Two of them, writing and speaking, are your productive skills. As a sender, these are the skills you use to get your message across. These most often used for business in your e-mail, letters and reports and in your business presentations and discussions. The other two skills, reading and listening, are your receptive skills. As a receiver, you use these to comprehend the messages that you’re sent. In business, you use these skills whenever you open your e-mail, retrieve information online, or sit in the audience for someone else’s presentation.

Many self-improvement books and professional development courses are available to help us improve our business communication skills. However, have you noticed that most of what’s out there is skewed towards improving your productive skills?

For example, many of you have attended a business presentation skills course, or maybe you’re a member of Toastmasters, learning how to improve your public speaking.

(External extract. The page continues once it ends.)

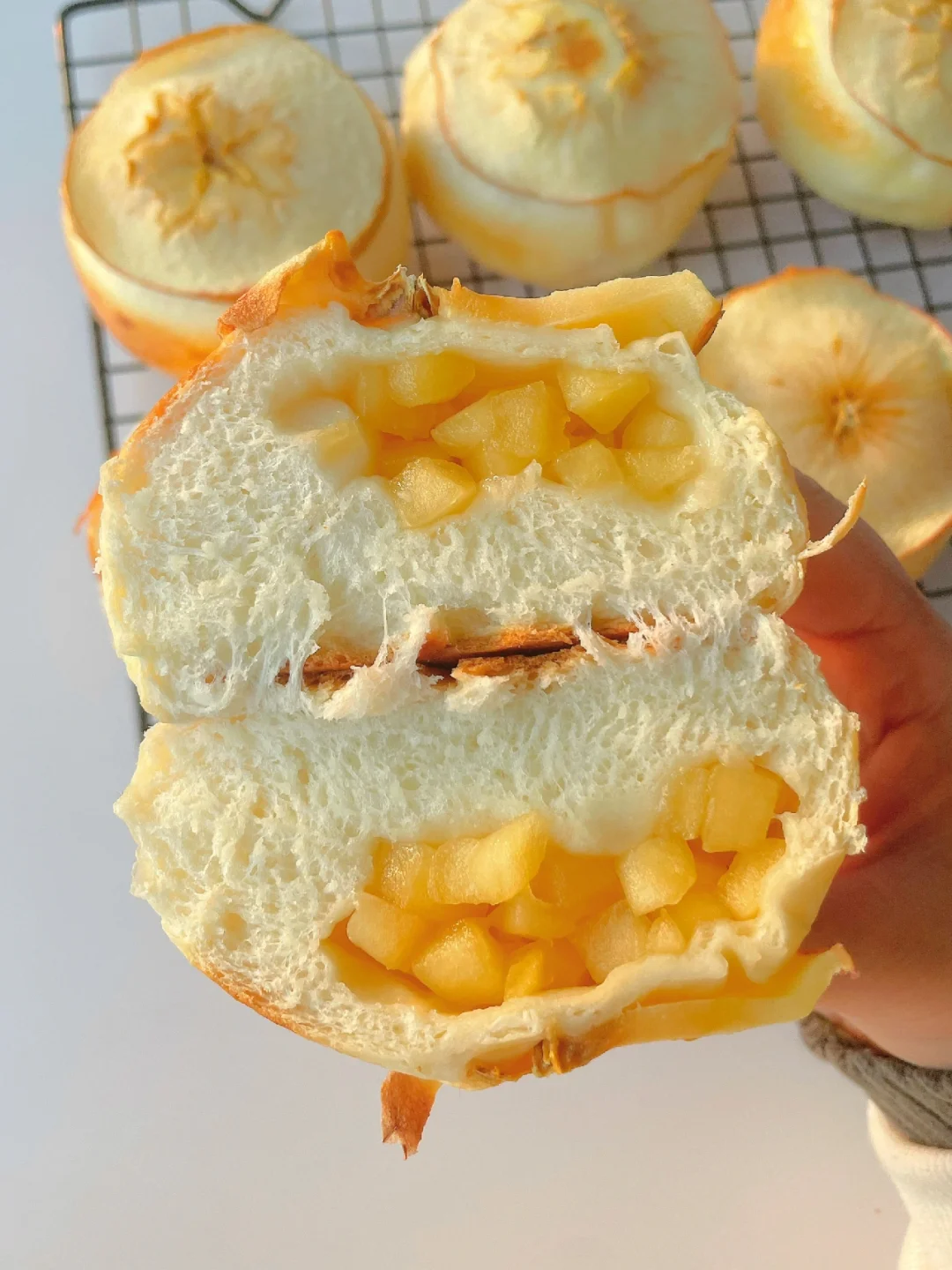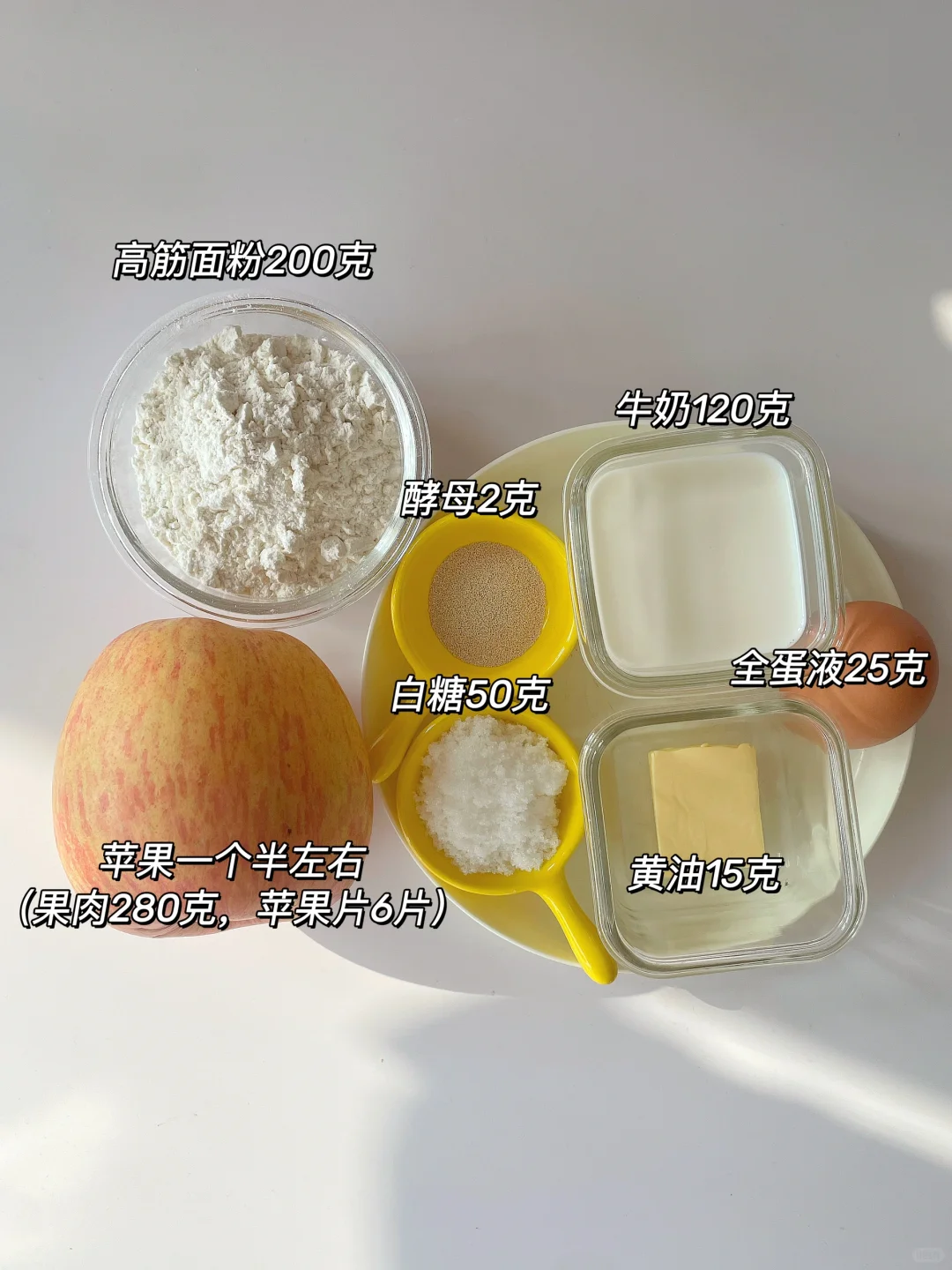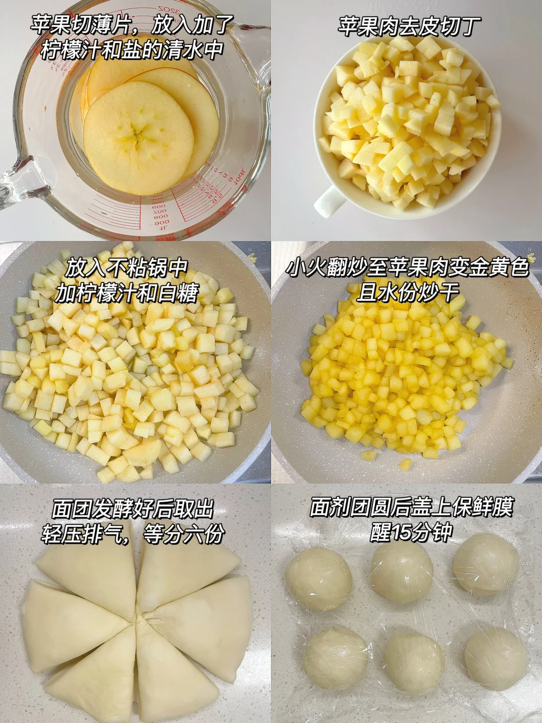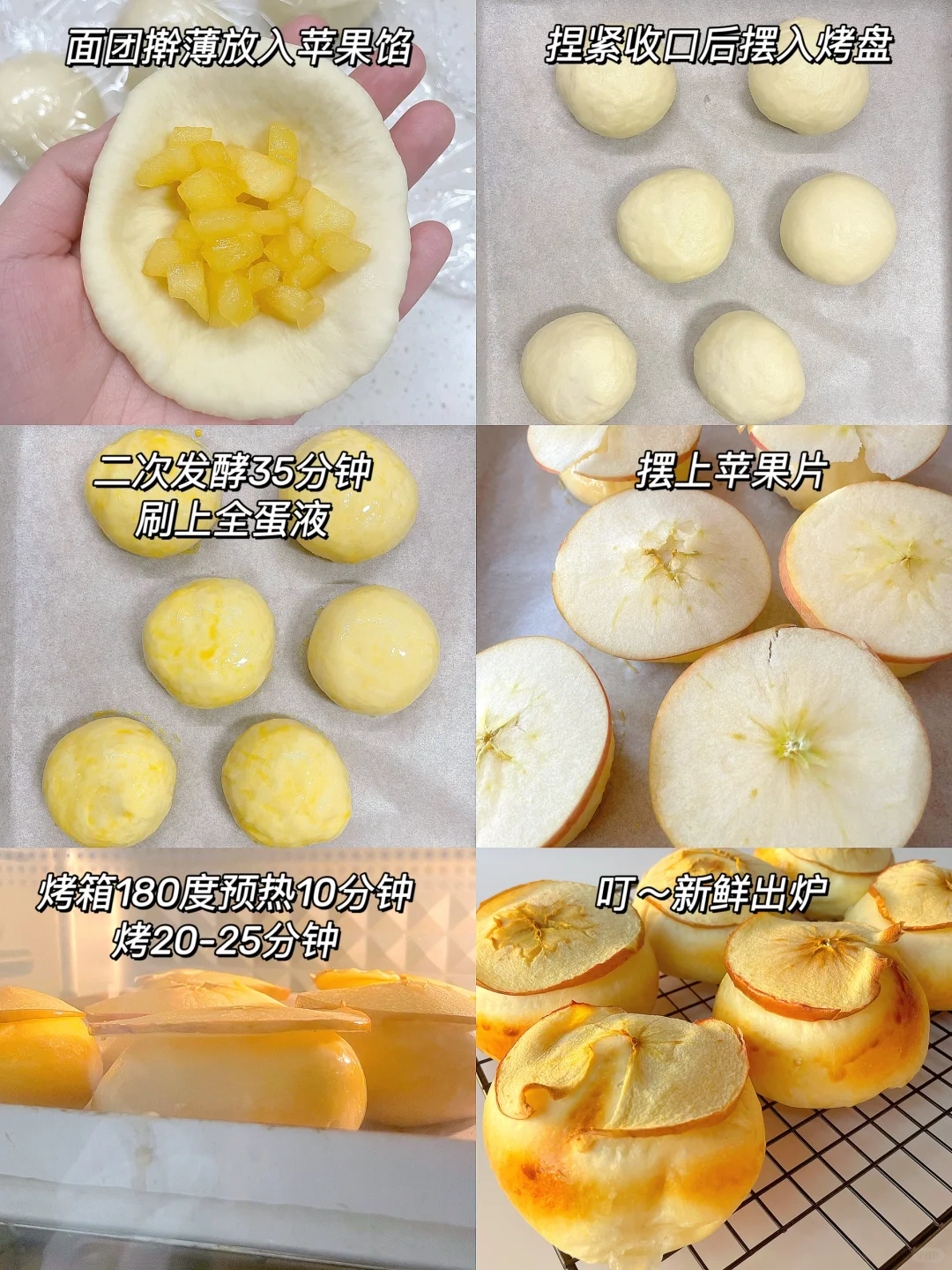 🌈酸甜可口的苹果馅搭配柔软的面包~ 🎈准备食材: 1️⃣面包:高筋面粉200克,酵母2克,糖20克,牛奶120克,全蛋液2克,盐1克,黄油15克; 2️⃣苹果馅:苹果肉280克,柠檬汁5克左右,糖30克; 🎈制作步骤: 1️⃣苹果切六片薄片,放入加了柠檬汁和盐的水中浸泡。苹果肉去皮切丁,加白糖和柠檬汁放入不粘锅中小火炒至果肉变成金黄色,切水份炒干 2️⃣除黄油和盐外所有面包食材倒入厨师机中,先打出粗膜,再倒入黄油和盐打出手套膜; 3️⃣面包整理团圆后盖上保鲜膜,放入温暖处发酵至两倍大,28度发酵一个小时左右; 4️⃣面团取出轻压排气,等分成六份,把面剂团圆后盖上保鲜膜醒15分钟,醒好后取出面剂擀成饼,放入苹果馅,收口捏紧摆入烤盘; 5️⃣盖上保鲜膜二次醒发38度35分钟,刷上全蛋液,放上苹果片,烤箱180度预热10分钟,烤20-25分钟即可。

Others may have been through a business writing course, or maybe you’ve purchased a book of model business letters. A menu of options is available to help us improve our productive skills.

But, what about our receptive skills? When was the last time you had any formal training in reading? Probably back in secondary school. Okay, some of you may have been to a speed-reading course and others may belong to book clubs encouraging you to read more critically, but this hardly qualifies as improving reading as a business communication skill.

Listening fares even worse. How many of you remember receiving any formal training in listening at all? Do you remember anything from school? Have you ever attended a corporate training program in executive listening skills? Have you read – or have you even found – a good book on improving your listening skills?

The fact is, although listening is the communication skill we use most often on our jobs, it’s the one were least likely to receive any training in. We take it for granted that if we can hear, we can listen.

But hearing is as different from listening as eating is from digestion. What you hear must be processed, evaluated and responded to. The more thorough and critical your evaluation is, the more appropriate your response will be.

Practice this. Listen to what you are hearing. Listening is the most critical business communication skill. And like any other skill, the more you practice, the sharper you become.